→ **GIVEN RECORDS**
-.-.-

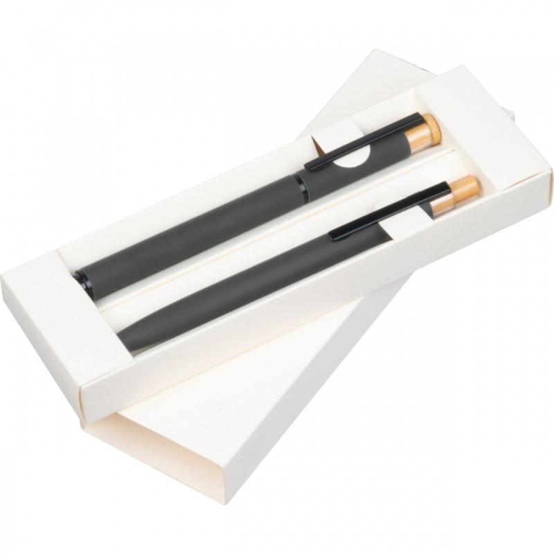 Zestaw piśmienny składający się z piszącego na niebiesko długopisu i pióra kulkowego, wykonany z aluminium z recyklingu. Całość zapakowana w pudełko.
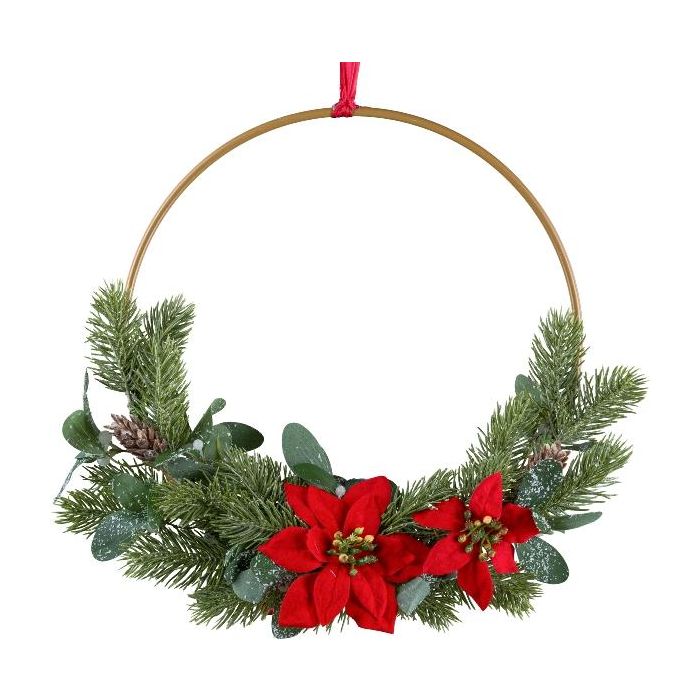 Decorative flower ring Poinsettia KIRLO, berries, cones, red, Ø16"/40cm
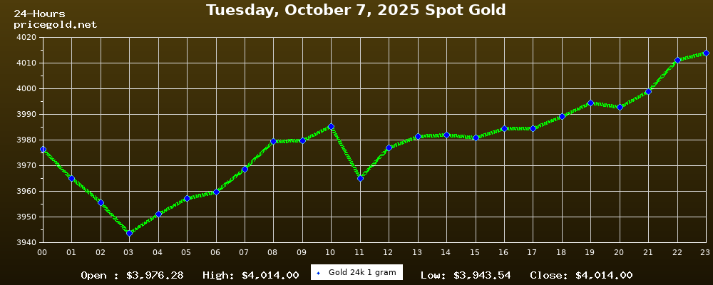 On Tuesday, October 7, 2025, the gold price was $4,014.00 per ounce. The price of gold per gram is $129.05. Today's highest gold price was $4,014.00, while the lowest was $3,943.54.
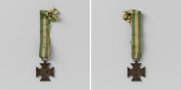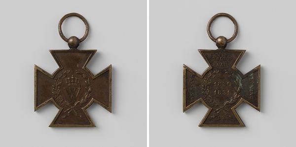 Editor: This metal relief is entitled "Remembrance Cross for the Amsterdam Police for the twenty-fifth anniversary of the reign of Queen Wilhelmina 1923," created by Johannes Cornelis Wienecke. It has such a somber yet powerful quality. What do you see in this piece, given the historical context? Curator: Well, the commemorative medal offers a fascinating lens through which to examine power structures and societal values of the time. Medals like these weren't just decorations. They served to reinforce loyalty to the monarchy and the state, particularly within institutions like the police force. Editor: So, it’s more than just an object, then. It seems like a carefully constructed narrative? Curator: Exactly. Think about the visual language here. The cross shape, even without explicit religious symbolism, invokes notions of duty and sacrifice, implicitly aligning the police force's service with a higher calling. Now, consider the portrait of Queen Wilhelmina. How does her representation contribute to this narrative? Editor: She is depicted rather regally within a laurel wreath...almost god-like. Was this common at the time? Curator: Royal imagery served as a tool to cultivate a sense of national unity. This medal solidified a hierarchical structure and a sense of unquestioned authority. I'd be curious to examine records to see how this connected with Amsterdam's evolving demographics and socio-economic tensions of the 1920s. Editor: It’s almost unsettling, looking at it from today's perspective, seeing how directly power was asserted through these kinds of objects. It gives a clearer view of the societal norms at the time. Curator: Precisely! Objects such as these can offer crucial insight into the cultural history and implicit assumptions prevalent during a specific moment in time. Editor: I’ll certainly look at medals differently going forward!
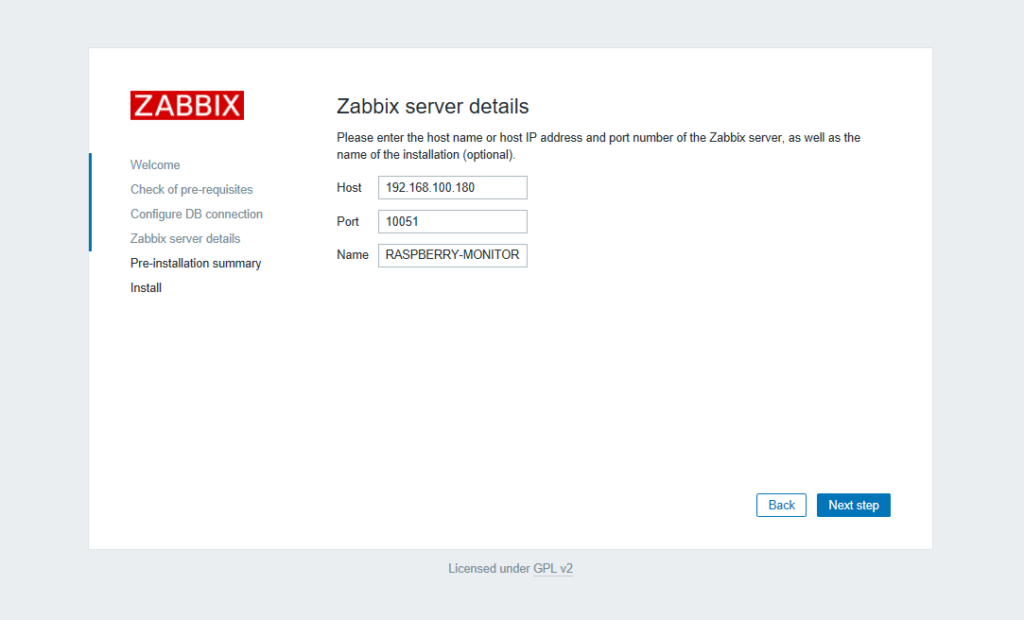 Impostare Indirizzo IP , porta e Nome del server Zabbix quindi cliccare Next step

-.-.-

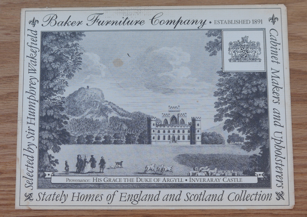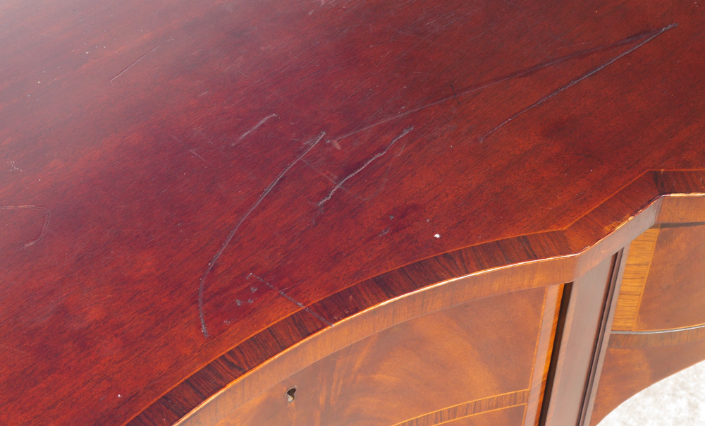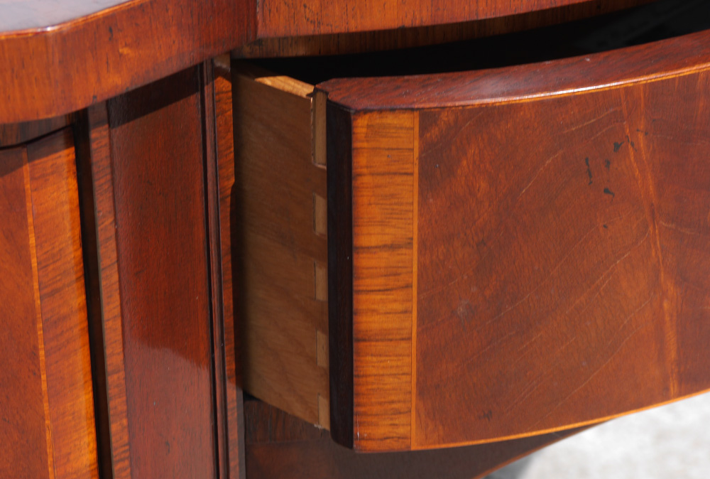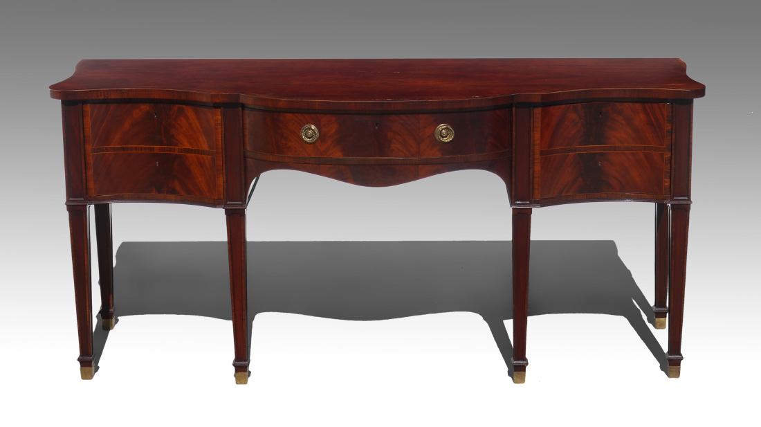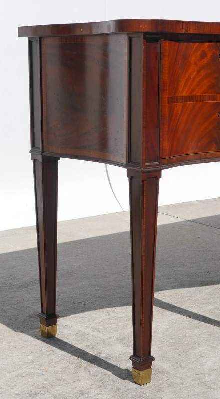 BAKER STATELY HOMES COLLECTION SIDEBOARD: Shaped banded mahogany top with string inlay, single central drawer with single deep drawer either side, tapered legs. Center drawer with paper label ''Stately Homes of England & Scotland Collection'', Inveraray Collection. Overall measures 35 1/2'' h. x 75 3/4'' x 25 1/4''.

-.-.-

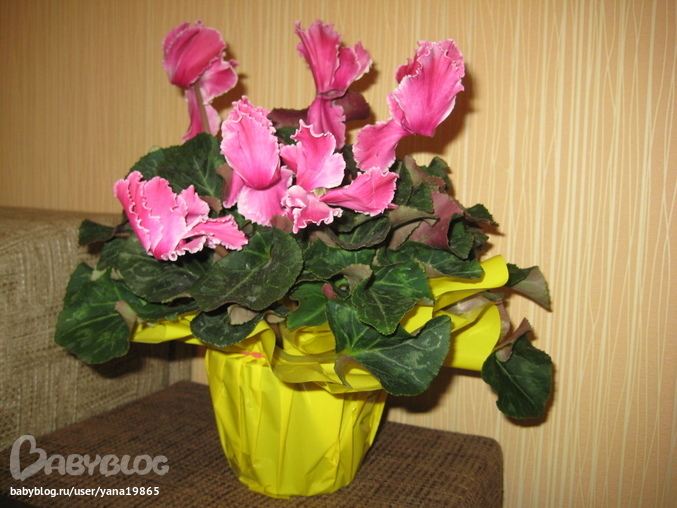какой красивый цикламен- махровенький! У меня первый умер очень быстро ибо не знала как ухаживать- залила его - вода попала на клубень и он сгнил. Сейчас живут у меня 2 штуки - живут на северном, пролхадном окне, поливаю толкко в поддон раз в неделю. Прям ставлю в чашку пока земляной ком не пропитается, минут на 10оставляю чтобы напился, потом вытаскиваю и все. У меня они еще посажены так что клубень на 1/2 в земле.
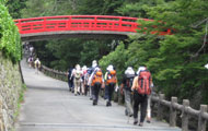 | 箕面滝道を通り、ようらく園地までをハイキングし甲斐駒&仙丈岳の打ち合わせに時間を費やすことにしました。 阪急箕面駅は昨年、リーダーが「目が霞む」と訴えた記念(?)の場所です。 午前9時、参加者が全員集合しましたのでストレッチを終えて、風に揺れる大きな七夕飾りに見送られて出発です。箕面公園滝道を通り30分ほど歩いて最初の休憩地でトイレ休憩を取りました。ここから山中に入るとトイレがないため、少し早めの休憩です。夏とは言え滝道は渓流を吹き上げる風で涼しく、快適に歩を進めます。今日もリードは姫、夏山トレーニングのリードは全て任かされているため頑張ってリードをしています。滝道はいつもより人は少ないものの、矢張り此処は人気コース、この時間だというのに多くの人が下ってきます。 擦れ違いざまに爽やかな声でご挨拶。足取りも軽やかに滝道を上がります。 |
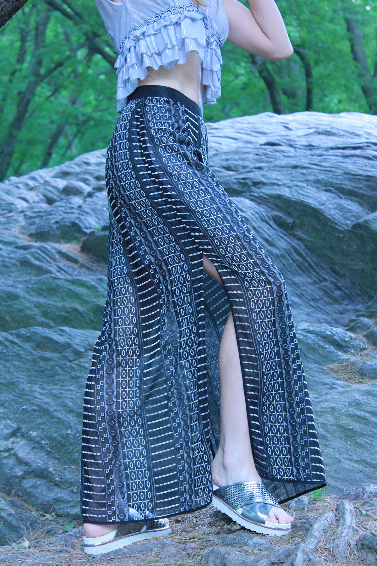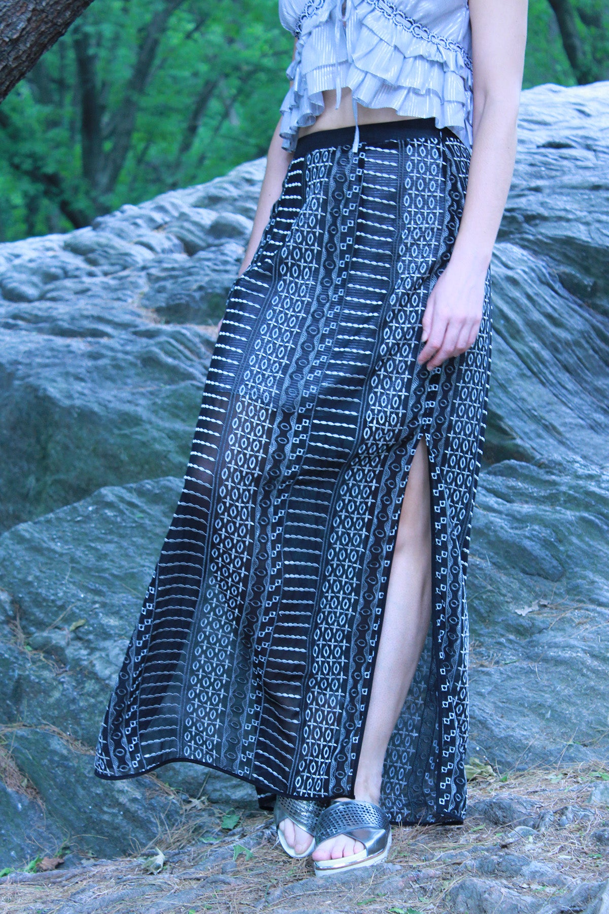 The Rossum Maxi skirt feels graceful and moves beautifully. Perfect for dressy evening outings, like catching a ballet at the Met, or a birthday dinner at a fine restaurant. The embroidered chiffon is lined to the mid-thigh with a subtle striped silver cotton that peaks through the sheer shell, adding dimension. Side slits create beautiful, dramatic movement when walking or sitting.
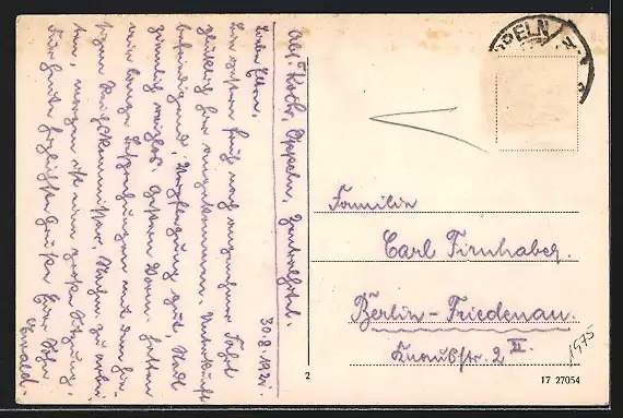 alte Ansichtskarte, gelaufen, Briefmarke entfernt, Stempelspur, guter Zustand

-.-.-

→ **PROMPT**
Within the listing above, the stretch from the line with "Decorative flower ring" down to the line with "On Tuesday, October" is to be given again exactly, end lines included and pictures excluded.

→ **WRITTEN SOLUTION**
 Decorative flower ring Poinsettia KIRLO, berries, cones, red, Ø16"/40cm
 On Tuesday, October 7, 2025, the gold price was $4,014.00 per ounce. The price of gold per gram is $129.05. Today's highest gold price was $4,014.00, while the lowest was $3,943.54.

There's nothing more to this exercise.